BFA-YOLO: A balanced multiscale object detection network for building façade attachments detection

Yangguang Chen,Tong Wang,Guanzhou Chen,Kun Zhu,Xiaoliang Tan,Jiaqi Wang,Wenchao Guo,Qing Wang,Xiaolong Luo,Xiaodong Zhang
2024-11-11
Abstract:The detection of façade elements on buildings, such as doors, windows, balconies, air conditioning units, billboards, and glass curtain walls, is a critical step in automating the creation of Building Information Modeling (BIM). Yet, this field faces significant challenges, including the uneven distribution of façade elements, the presence of small objects, and substantial background noise, which hamper detection accuracy. To address these issues, we develop the BFA-YOLO model and the BFA-3D dataset in this study. The BFA-YOLO model is an advanced architecture designed specifically for analyzing multi-view images of façade attachments. It integrates three novel components: the Feature Balanced Spindle Module (FBSM) that tackles the issue of uneven object distribution; the Target Dynamic Alignment Task Detection Head (TDATH) that enhances the detection of small objects; and the Position Memory Enhanced Self-Attention Mechanism (PMESA), aimed at reducing the impact of background noise. These elements collectively enable BFA-YOLO to effectively address each challenge, thereby improving model robustness and detection precision. The BFA-3D dataset, offers multi-view images with precise annotations across a wide range of façade attachment categories. This dataset is developed to address the limitations present in existing façade detection datasets, which often feature a single perspective and insufficient category coverage. Through comparative analysis, BFA-YOLO demonstrated improvements of 1.8\% and 2.9\% in mAP$_{50}$ on the BFA-3D dataset and the public Façade-WHU dataset, respectively, when compared to the baseline YOLOv8 model. These results highlight the superior performance of BFA-YOLO in façade element detection and the advancement of intelligent BIM technologies.
Computer Vision and Pattern Recognition,Artificial Intelligence
What problem does this paper attempt to address?
This paper attempts to solve several key problems in the detection of building facade attachments, specifically including: 1. **Uneven category distribution**: The distribution of building facade attachments (such as doors, windows, balconies, air - conditioning units, etc.) in images is extremely uneven. The number of attachments in some categories is small, making it difficult for the model to effectively learn the characteristics of these categories during training. 2. **Difficulties in small - target detection**: Some attachments (such as small windows and air - conditioning units) are small in size and difficult to be accurately identified in large - scale images, which poses a challenge to the detection accuracy. 3. **Background noise interference**: The complex background of the building facade (such as wall textures, shadows, etc.) will interfere with the target detection and reduce the detection accuracy.
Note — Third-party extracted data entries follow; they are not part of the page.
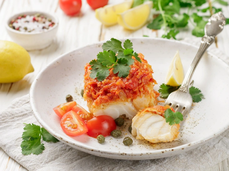 Филе трески подготовить (разморозить, промыть и обсушить), обвалять в муке, посолить и пожарить на растительном масле. Готовую рыбу выложить на тарелку, а сверху — готовую овощную смесь. При желании блюдо можно посыпать свежей зеленью.
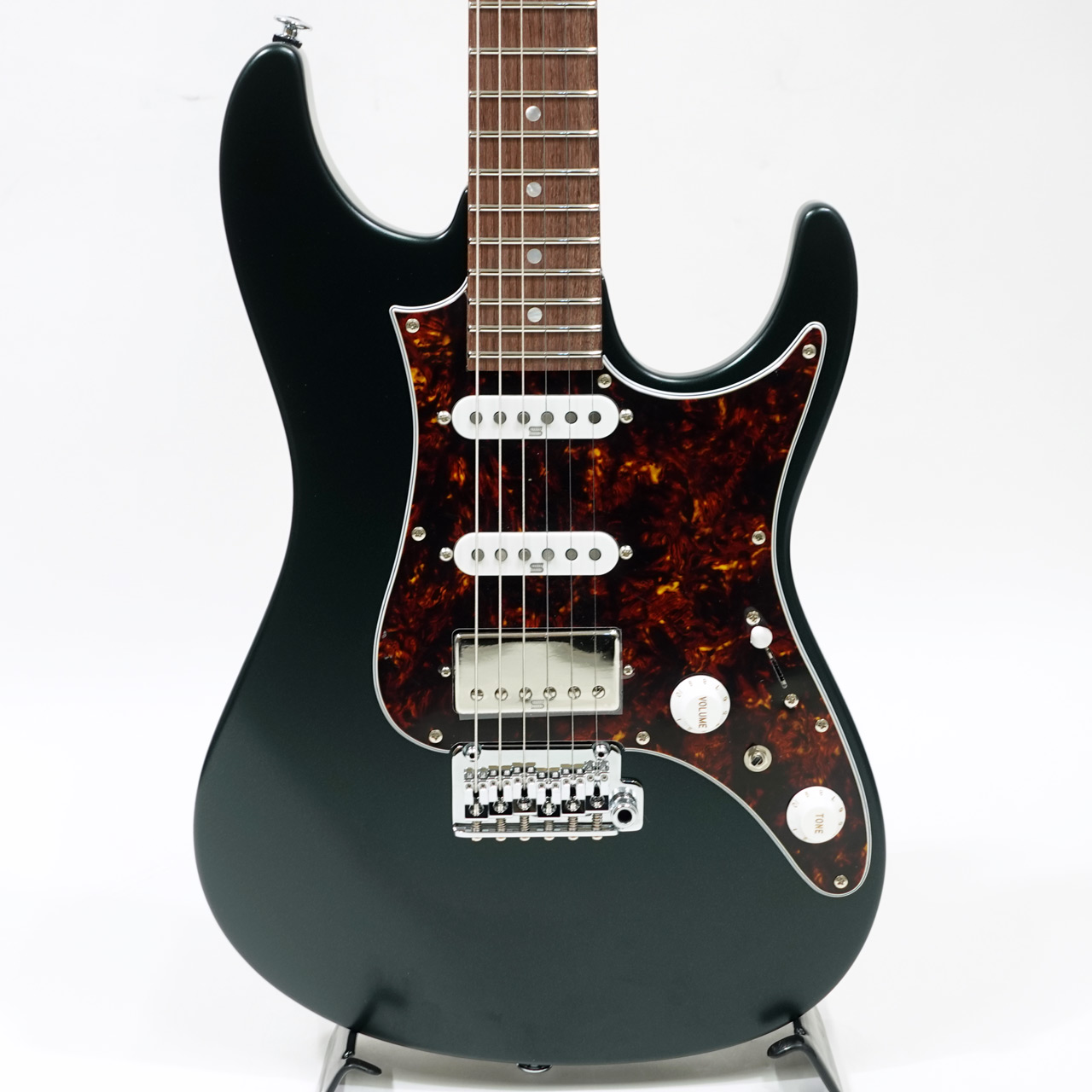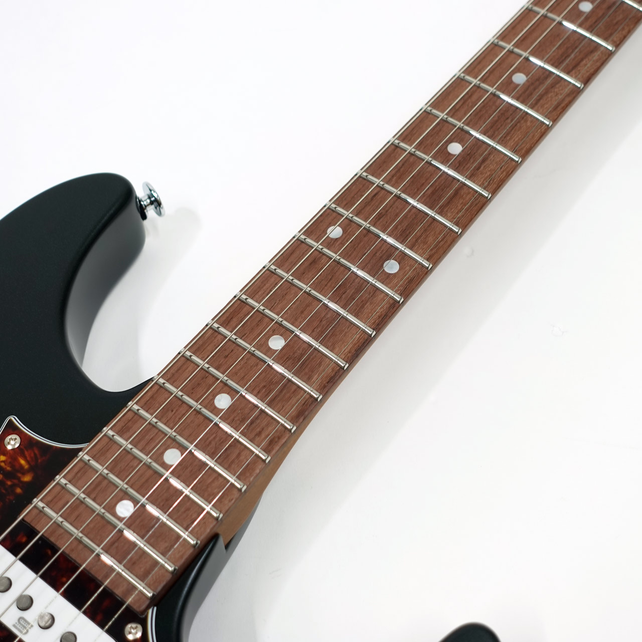 GOTOH製マグナムロックペグ、シンクロトレモロ、ステンレスフレット、ボディのコンターやネックジョイント部の球面仕上げ、蓄光素材のサイドポジションマークなど現代的な演奏性の高さを求めてひと手間ふた手間かけた拘りの感じられる一本。
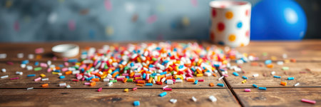 Colorful sprinkles scattered on a rustic wooden table during a festive celebration in a bright indoor setting
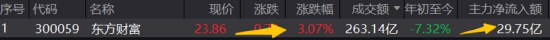 1、“券茅”东方财富全天成交额飙升至263.14亿元,主力狂揽29.75亿元,登顶A股吸金、成交“双冠王”。
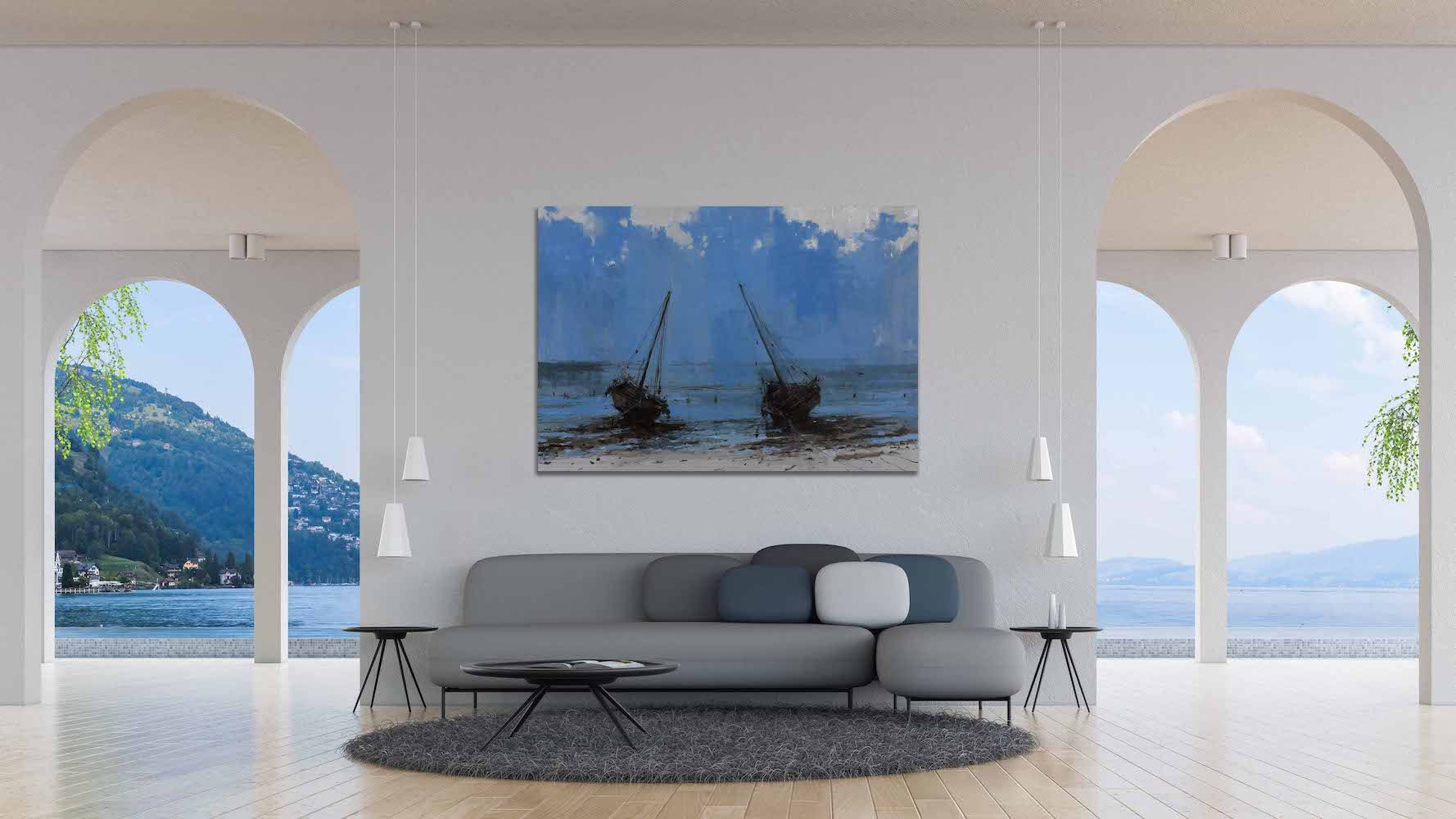 | Étiquettes | bateau|bleu|mer|Tableau grand format |
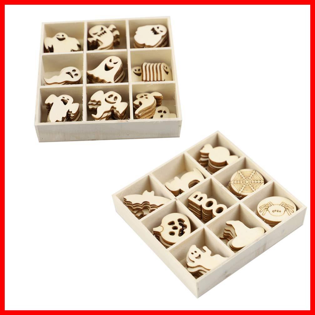 STOBOK 木製スライス ハロウィーン 144ピース ハロウィン オーナメント ハロウィン 装飾 ハロウィン diy 実用的なDIY木製スライス工芸品ハロウィンペンダント家の装飾 2セット
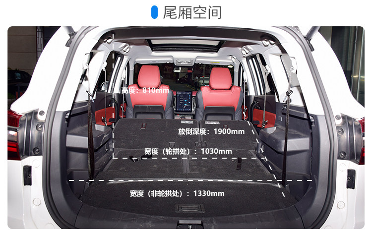 风行T5L的后备厢十分灵活,第二排支持4/6比例放倒,完全放倒后深度达到了1900mm。如果只放倒第三排,那么深度也有1170mm,一家五口长途旅行是没什么问题的。
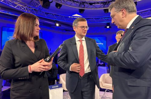 Светлана Тихановская встретилась с министром иностранных дел Украины Дмитрием Кулебой на полях Давосского форума.
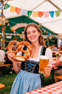 Октоберфест не только пивной праздник, но и своего рода ярмарка невест. Есть мнение, что в Баварии женщины намного красивее, чем в Германии в целом. И этому есть своё объяснение – дирндль. Это одеяние – один из символов Октоберфеста. Название происходит от регионального слова Dirndlkleid. В переводе с баварского диалекта – платье девушки-служанки. Наряд характерен исключительно для альпийского юга Германии – Баварии. Чудные романтичные платья с фартуками пленяют каждого. Особенно с пышным декольте.
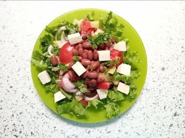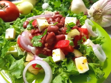 На днях увидела в ленте рецепт салата с фасолью консервированной и сыром, меня так впечатлили красочные фотографии, что срочно захотелось приготовить такой же. Только меня озадачило то, что используется маринованная стручковая фасоль. Я такую в продаже не видела. Поэтому по совету автора заменила на обычную фасоль. Листья салата нарезала для удобства. Помидорки выбрала сочные, спелые, мне нравится вкусный сок от салата, который образуется после соединения овощей с заправкой. Сыр у меня в виде рассольной брынзы. Раньше его в такие салаты не добавляла, а зря, получается очень вкусно! Фасоль мариновать в уксусе и чесноке не стала, ведь она самая обыкновенная) Зато смешала все это с ароматным горчичным маслом и полила салат этой заправкой. Этот салат больше всего понравился мне и мужу, мы любим сочетание помидоров, лука и чуть кисленькой заправки. А тут еще столько дополнений) Отличный салат для ужина!
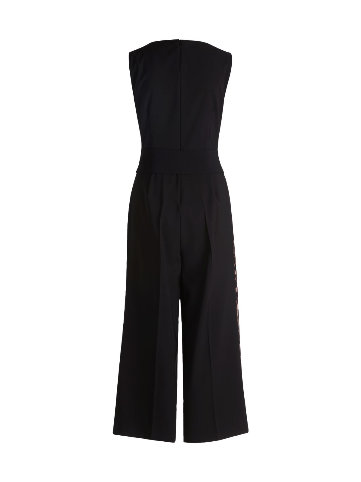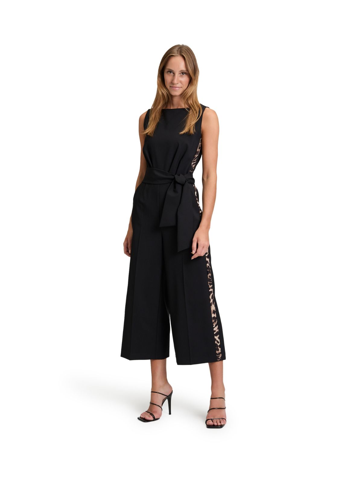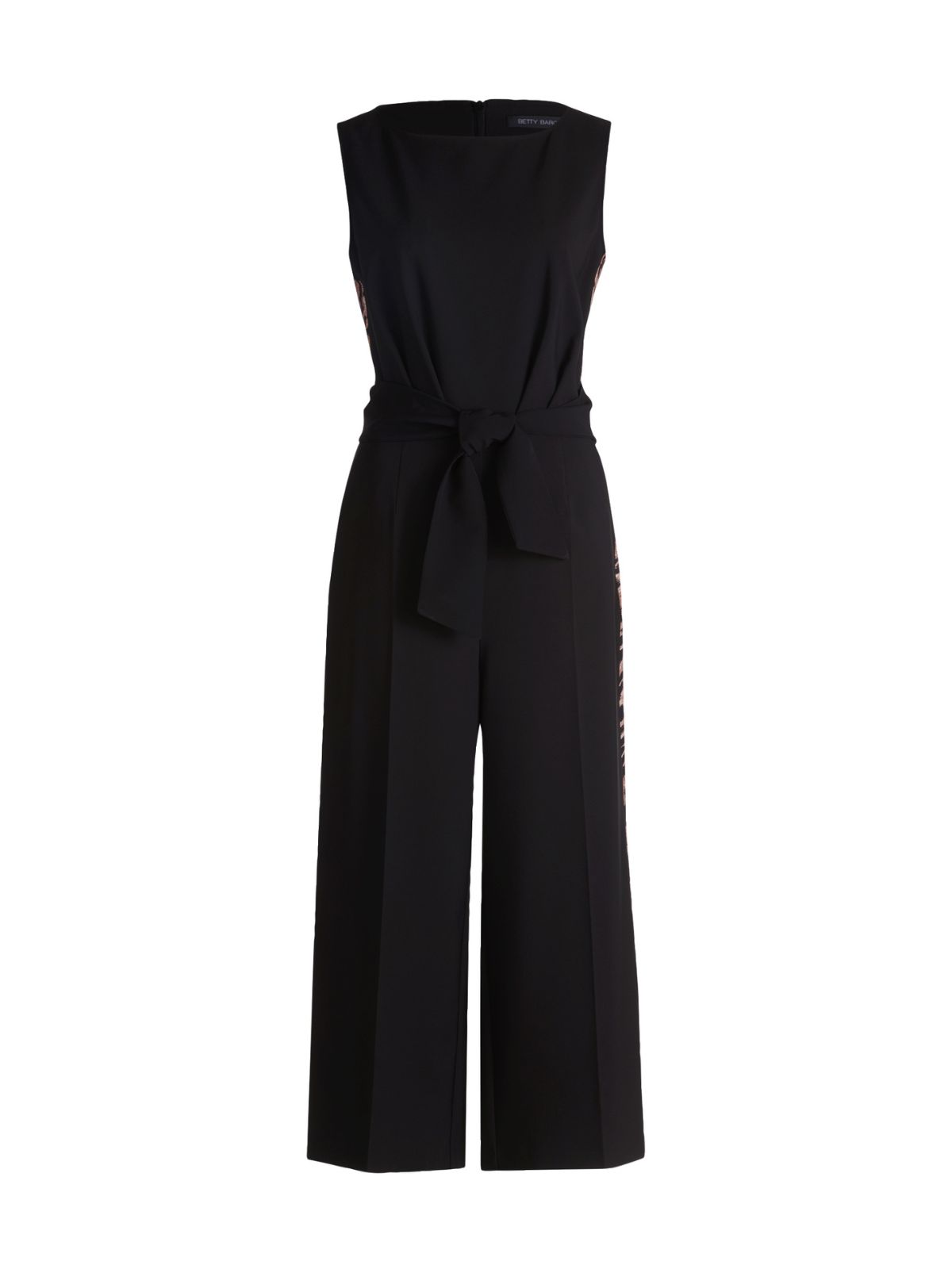 Smart jumpsuit fra Betty Barclay. Buksedragten har brede ben, overdel uden ærmer, en leopard stribe langs siderne samt et bindebånd i taljen og sidelommer.Materiale: 86% Polyester, 14% Elastan

To solve the above problems, the author proposes the BFA - YOLO model and the supporting BFA - 3D dataset. The following are the specific solutions: - **BFA - 3D dataset**: A multi - view, accurately - labeled dataset is constructed, covering various types of building facade attachments, aiming to overcome the problems of single view and insufficient classification diversity in existing datasets. - **BFA - YOLO model**: Three innovative modules are introduced to improve the detection performance: - **Feature - Balanced Spindle Module (FBSM)**: The detection ability of sparse category features is enhanced through resampling techniques, improving the accuracy of category identification. - **Target - Dynamic - Alignment - Task - Detection - Head (TDATH)**: Specially designed for accurately identifying small targets, improving the detection effect of small - size attachments. - **Position - Memory - Enhanced - Self - Attention - Mechanism (PMESA)**: By introducing position information, the interference of complex background is reduced, and the detection accuracy is significantly improved. These improvements make the BFA - YOLO model perform excellently in the building facade attachment detection task, especially in dealing with category imbalance, small - target detection and background interference. Experimental results show that BFA - YOLO is superior to existing mainstream detection models in multiple evaluation indicators.